◆ EXERCISE GOAL: What is needed is an exact reproduction of the lines in the records below, starting at the line with "猴年吉祥物上市啦 萌态十足布绒玩具引市民选购" and ending at the line with "Incluye una camiseta", both included, and nothing else; pictures stay out.

◆ AVAILABLE RECORDS:
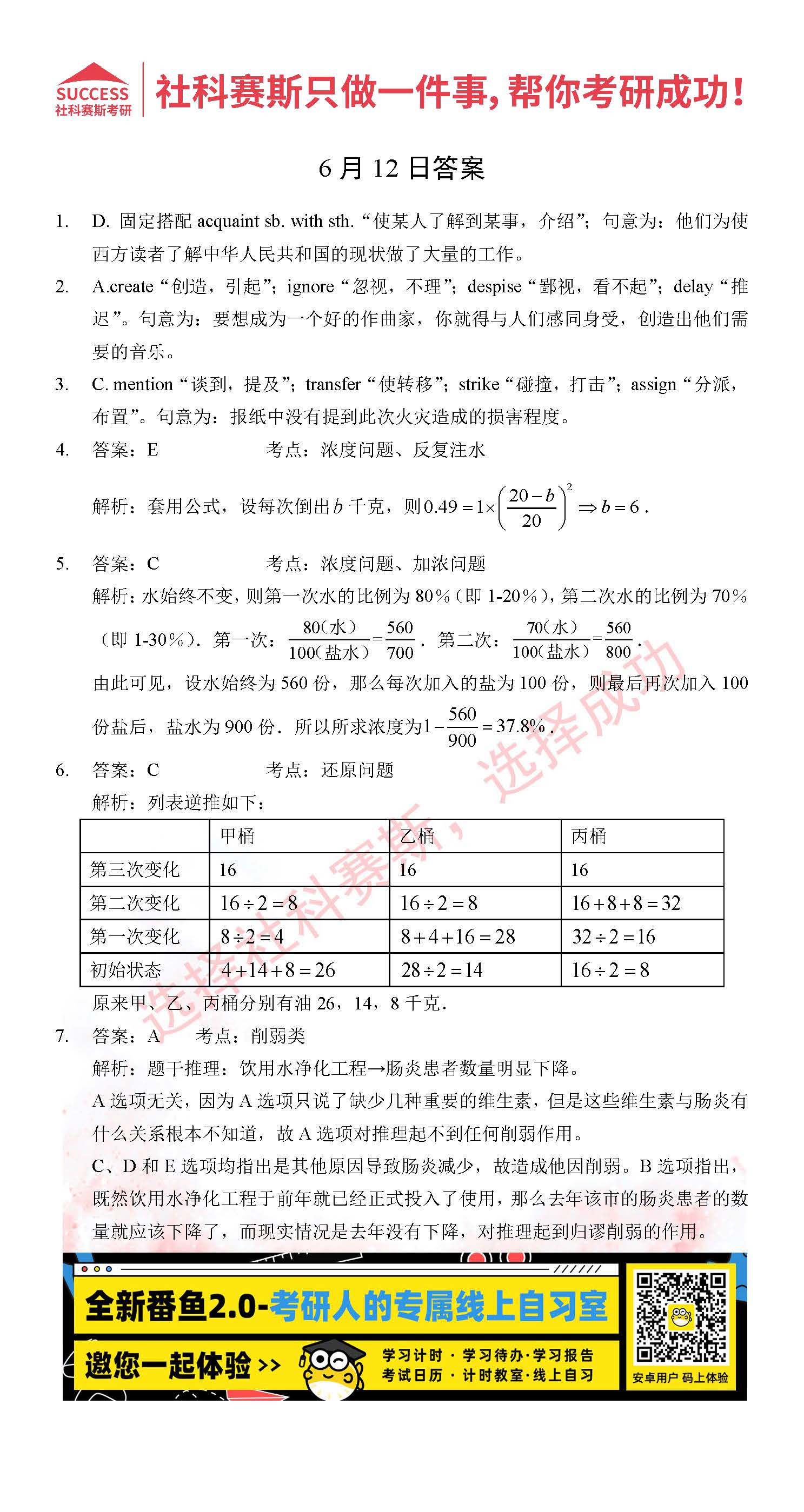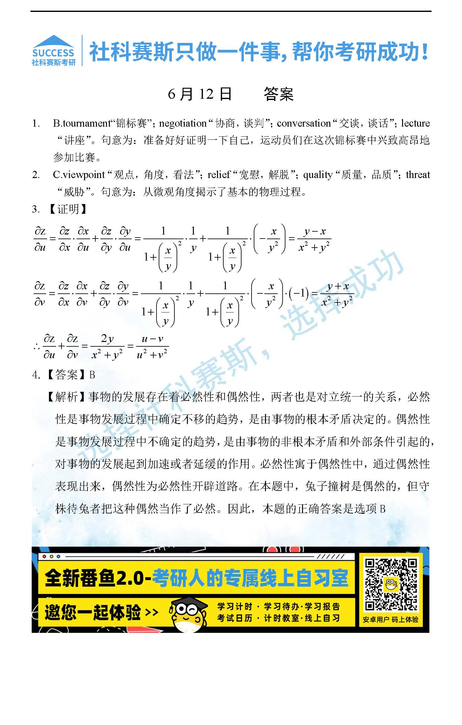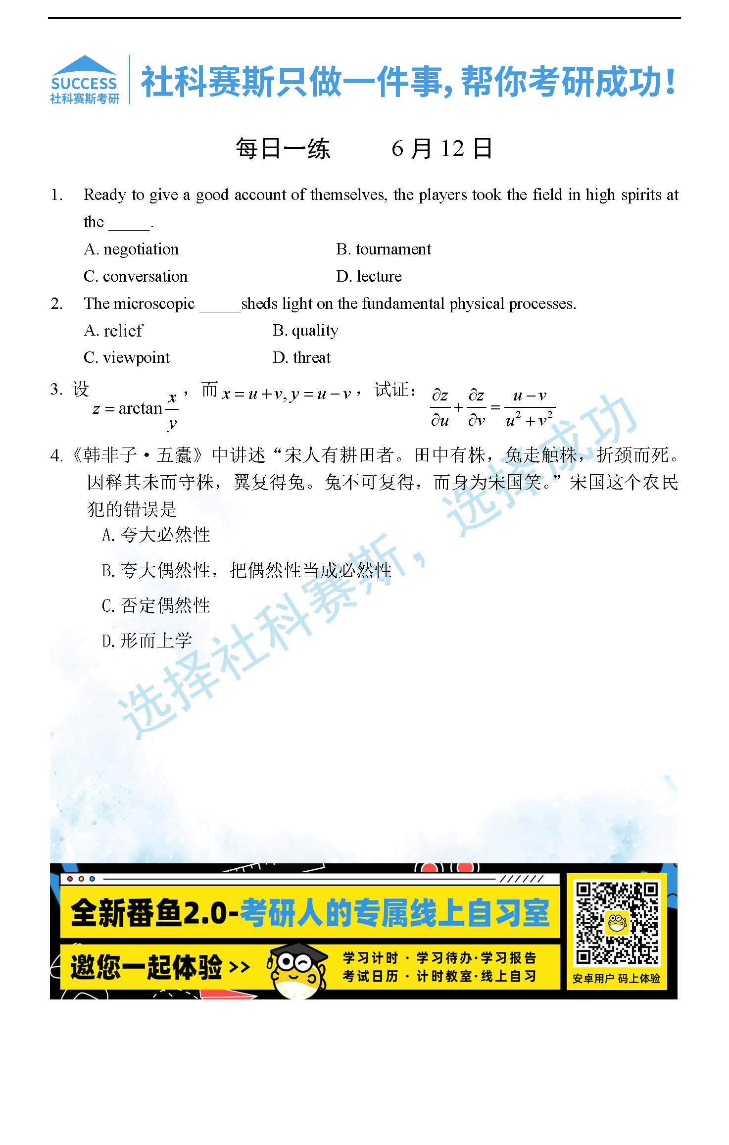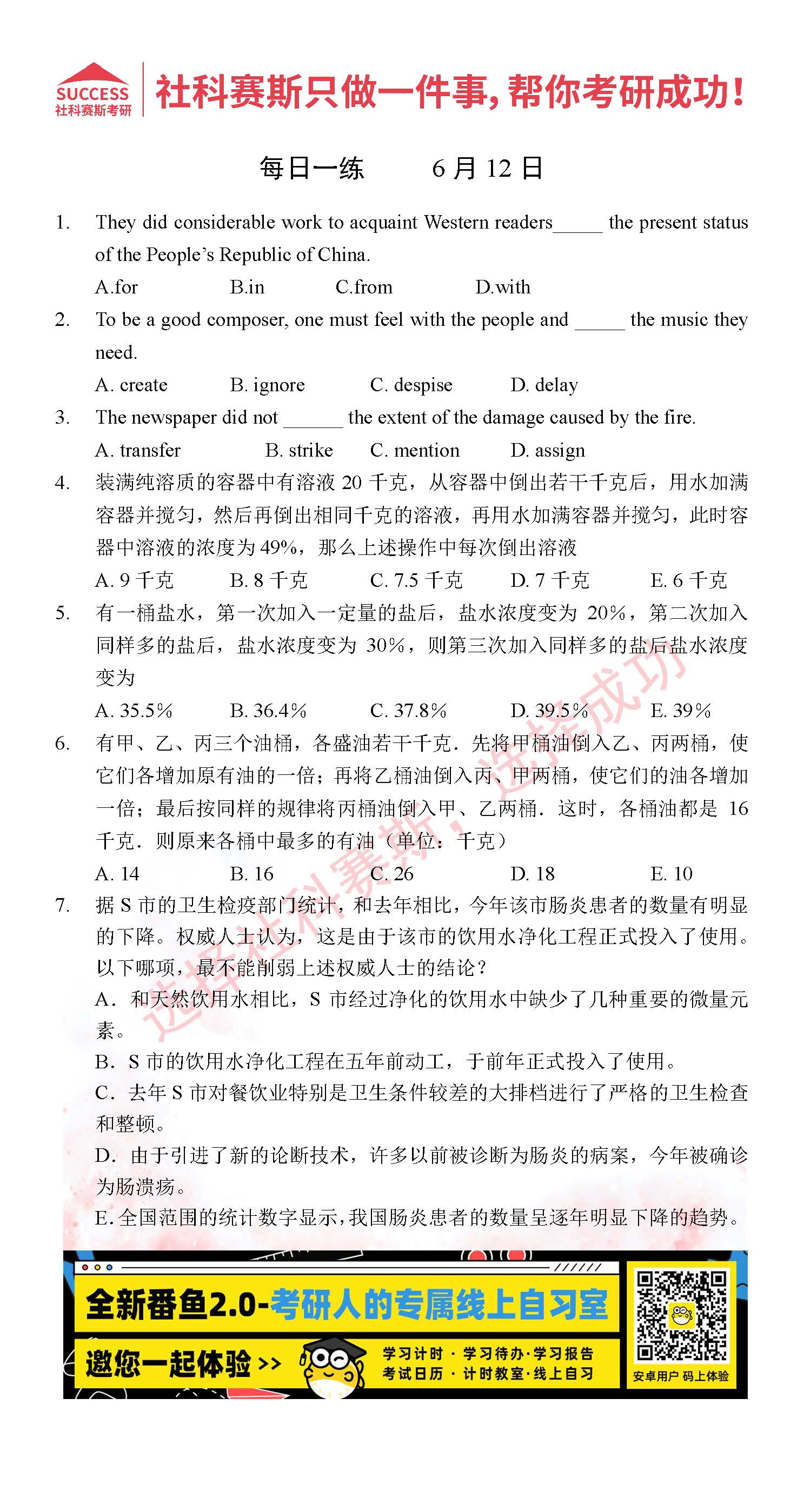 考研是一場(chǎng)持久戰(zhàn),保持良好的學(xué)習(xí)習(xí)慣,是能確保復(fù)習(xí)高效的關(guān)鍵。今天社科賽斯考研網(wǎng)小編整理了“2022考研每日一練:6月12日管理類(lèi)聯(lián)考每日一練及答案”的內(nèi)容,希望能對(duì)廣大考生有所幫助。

...

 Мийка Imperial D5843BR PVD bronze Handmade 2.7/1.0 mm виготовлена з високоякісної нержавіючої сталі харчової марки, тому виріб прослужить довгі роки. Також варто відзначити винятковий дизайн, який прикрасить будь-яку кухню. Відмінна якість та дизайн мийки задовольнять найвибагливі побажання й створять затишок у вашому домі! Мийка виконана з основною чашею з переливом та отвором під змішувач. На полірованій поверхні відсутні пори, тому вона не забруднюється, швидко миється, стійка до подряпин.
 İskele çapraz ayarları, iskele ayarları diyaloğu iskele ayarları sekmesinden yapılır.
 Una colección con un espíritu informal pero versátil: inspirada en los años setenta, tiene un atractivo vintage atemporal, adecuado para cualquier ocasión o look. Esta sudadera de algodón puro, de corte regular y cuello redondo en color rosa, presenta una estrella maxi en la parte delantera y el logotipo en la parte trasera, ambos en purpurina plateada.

* * *

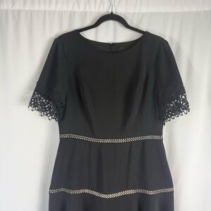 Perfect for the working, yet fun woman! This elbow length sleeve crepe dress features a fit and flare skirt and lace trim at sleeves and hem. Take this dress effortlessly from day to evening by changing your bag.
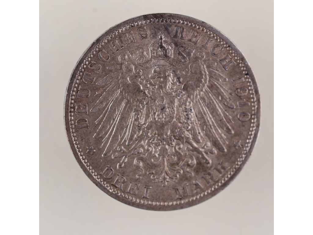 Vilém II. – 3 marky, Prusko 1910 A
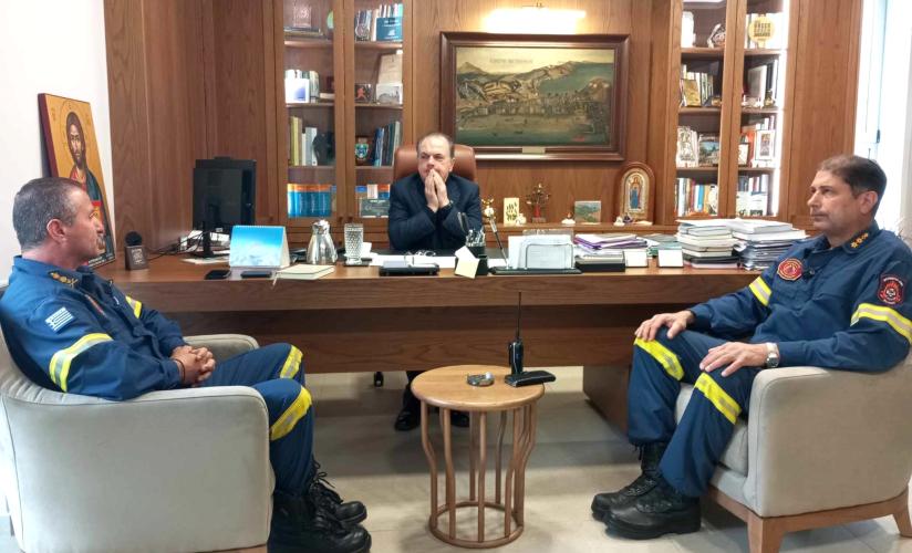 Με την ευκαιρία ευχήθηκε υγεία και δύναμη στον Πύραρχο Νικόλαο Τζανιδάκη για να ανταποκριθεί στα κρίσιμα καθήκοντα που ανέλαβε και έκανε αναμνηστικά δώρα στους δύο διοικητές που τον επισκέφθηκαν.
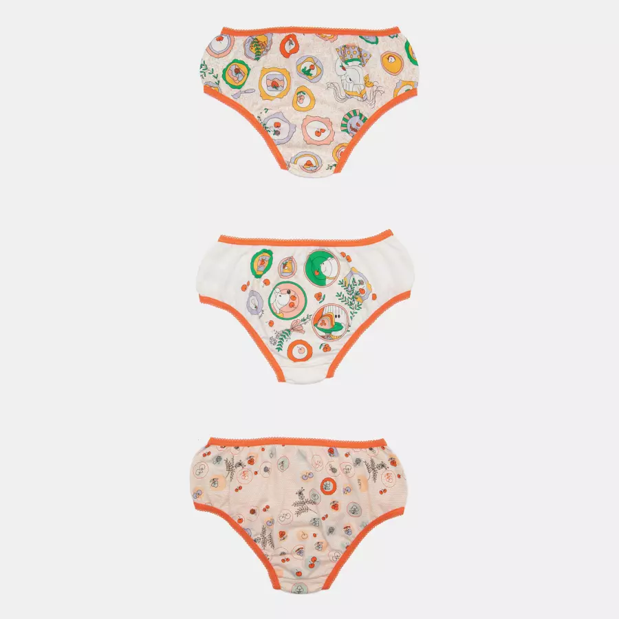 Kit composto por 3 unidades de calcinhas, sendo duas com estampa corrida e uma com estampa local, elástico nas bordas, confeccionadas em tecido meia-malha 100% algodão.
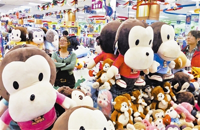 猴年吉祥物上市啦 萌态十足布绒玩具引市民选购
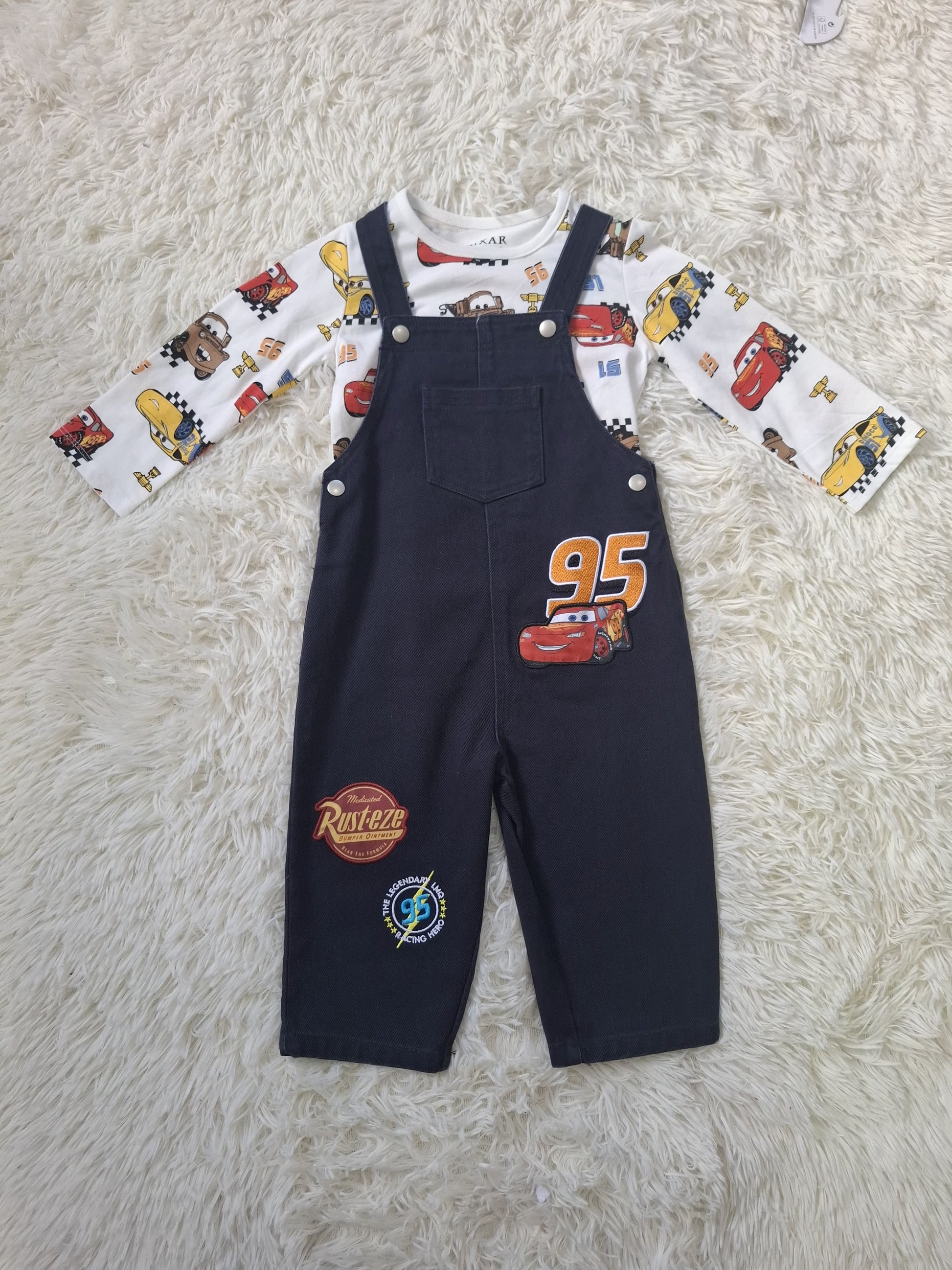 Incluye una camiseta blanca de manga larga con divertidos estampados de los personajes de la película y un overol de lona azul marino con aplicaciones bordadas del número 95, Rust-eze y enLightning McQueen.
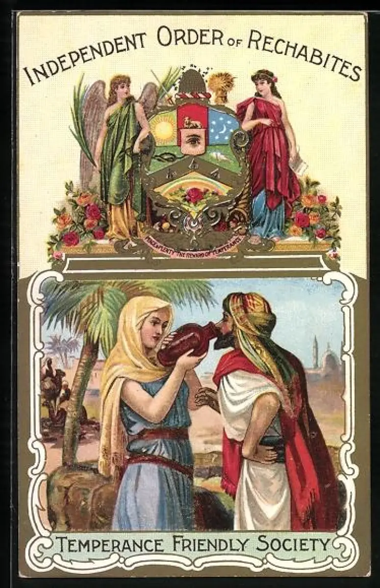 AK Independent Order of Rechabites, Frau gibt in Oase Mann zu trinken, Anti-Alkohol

◆ EXERCISE RESULT:
 猴年吉祥物上市啦 萌态十足布绒玩具引市民选购
 Incluye una camiseta blanca de manga larga con divertidos estampados de los personajes de la película y un overol de lona azul marino con aplicaciones bordadas del número 95, Rust-eze y enLightning McQueen.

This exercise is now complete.